Telephone: (414) 347-6480
Toll Free: 800-558-9900
Fax: (414) 347-6696

Website:
Public Company
Incorporated: 1985
Employees: 1,149
Total Assets: $4.56 billion (2001)
Stock Exchanges: New York
Ticker Symbol: MTG
NAIC: 524130 Reinsurance Carriers, 524126 Direct Property and Casualty Insurance Carriers, 551112 Offices of Other Holding Companies

Company Perspectives:

MGIC does not make home loans. MGIC makes home loans possible. We do this through PrivateMI and a multitude of products and services that make lenders more efficient and more responsive to consumers' needs and, as a result, more profitable. That's a formula that has worked since Max Karl unveiled the MGIC name in 1957.

Key Dates:

1957:
Max Karl founds MGIC (Mortgage Guaranty Insurance Corp.).
1961:
Karl takes MGIC public.
1970:
MGIC acquires Janis Properties Inc. and LaMonte-Shimberg Corp.
1971:
The company introduces American Municipal Bond Insurance Corp. (AMBAC).
1974:
Karl becomes chairman and Gerald Friedman assumes charge of operations.
1981:
Baldwin-United Corp. buys MGIC.
1984:
Baldwin-United files for Chapter 11.
1985:
Northwestern Mutual Life Insurance Company makes a $250 million investment in MGIC and founds the "new" MGIC.
1991:
MGIC Investment Corp. becomes a publicly traded company.

Company History:

MGIC Investment Corp. (MGIC) is a holding company whose chief subsidiary is Mortgage Guaranty Insurance Corp., a provider of private mortgage insurance coverage to the home mortgage lending industry in the United States and Puerto Rico. Most of MGIC's sales come from insurance premiums, although the company also offers its in-house payment and default predictive tools to other lenders. MGIC also invests in troubled mortgages through its interest in Credit-Based Asset Servicing and Securization (C-BASS) and provides property valuation services.
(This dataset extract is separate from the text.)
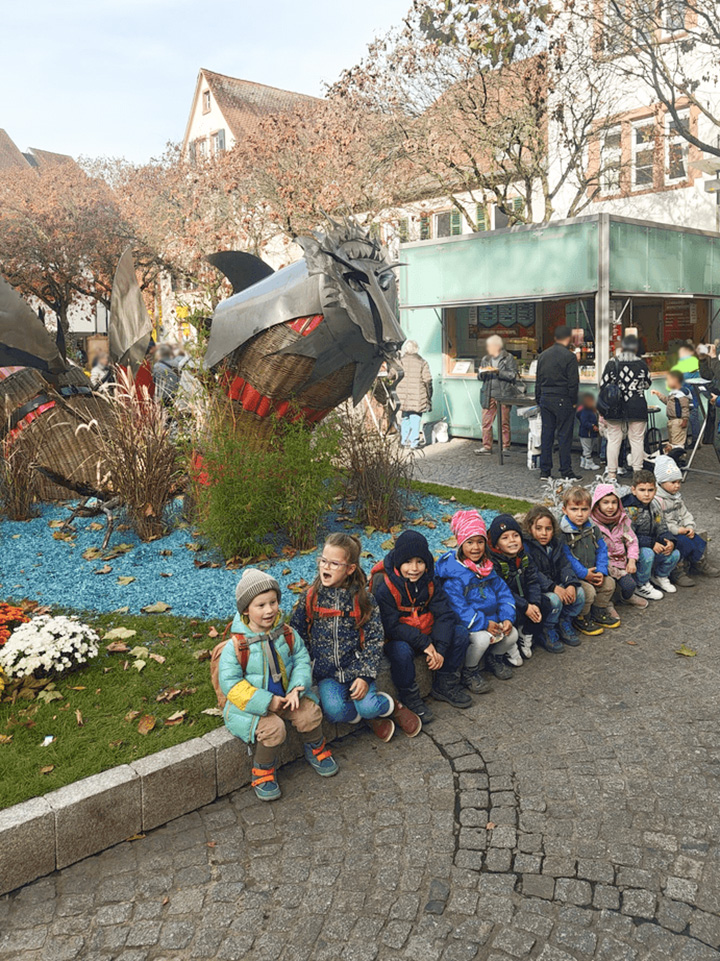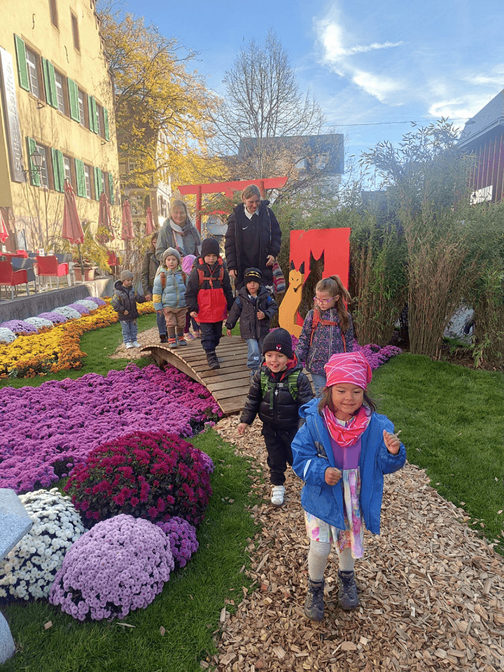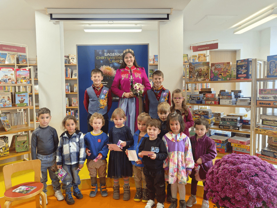 Im Oktober machten wir uns mit dem Bus auf den Weg nach Lahr, um die festlich mit Blumen geschmückte Stadt zur Chrysanthema zu besuchen. In der Bücherei trafen wir die Chrysanthemenkönigin. Sie las uns eine Geschichte vor, und natürlich durfte anschließend ein gemeinsames Foto nicht fehlen.

Birth of a New Industry: 1957-69

In 1957 Max Karl, a 47-year-old former real estate attorney and the son of Jewish Russian immigrants, scraped together $250,000 from investors and founded MGIC (Mortgage Guaranty Insurance Corp.), a company that insured low down payment mortgages against foreclosure. With the formation of MGIC, Karl also created a new industry, the private mortgage insurance industry, which took on the Federal Housing Administration (FHA) in providing loans to low-income homebuyers. Private mortgage insurance was a financial guaranty business in which an insurer assumed a portion of a lender's risk in making a mortgage loan. The "risk" was that a borrower would default on a loan and the insurer would have to pay a claim. For this risk, the insurer collected a premium from the lender, which typically recovered the cost of the premium from the borrower. Until the formation of MGIC, the FHA had been the only mortgage insurer to work with homebuyers who put up less than 20 percent of the down payment on their purchase.
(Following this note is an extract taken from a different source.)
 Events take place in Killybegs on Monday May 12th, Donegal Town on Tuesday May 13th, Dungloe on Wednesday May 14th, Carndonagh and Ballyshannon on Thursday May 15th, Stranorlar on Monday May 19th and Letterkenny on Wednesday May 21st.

As a real estate lawyer in Milwaukee, Karl was familiar with the private mortgage insurance fiascos of the pre-Depression years and the expanded role of the FHA afterward in providing mortgage insurance. By 1956 Karl had come up with the idea for his company, in response to the increasing red tape involved in closing loans with 100 percent government guarantees and FHA-imposed ceilings--which were often below the yield from conventional mortgages--on mortgage interest rates.

Karl believed a private company that insured only the top portion--25 to 30 percent after the homebuyer's 5 percent down payment--presented lenders with a less costly and easier way to provide low down payment financing to borrowers unable to provide a 20 percent or larger down payment. Regardless of his backers' lack of enthusiasm, Karl persevered. "Almost everyone who knew much about stocks thought [the] company would never make it," he commented in a 1973 Wall Street Journal article. "They thought we were too big a risk."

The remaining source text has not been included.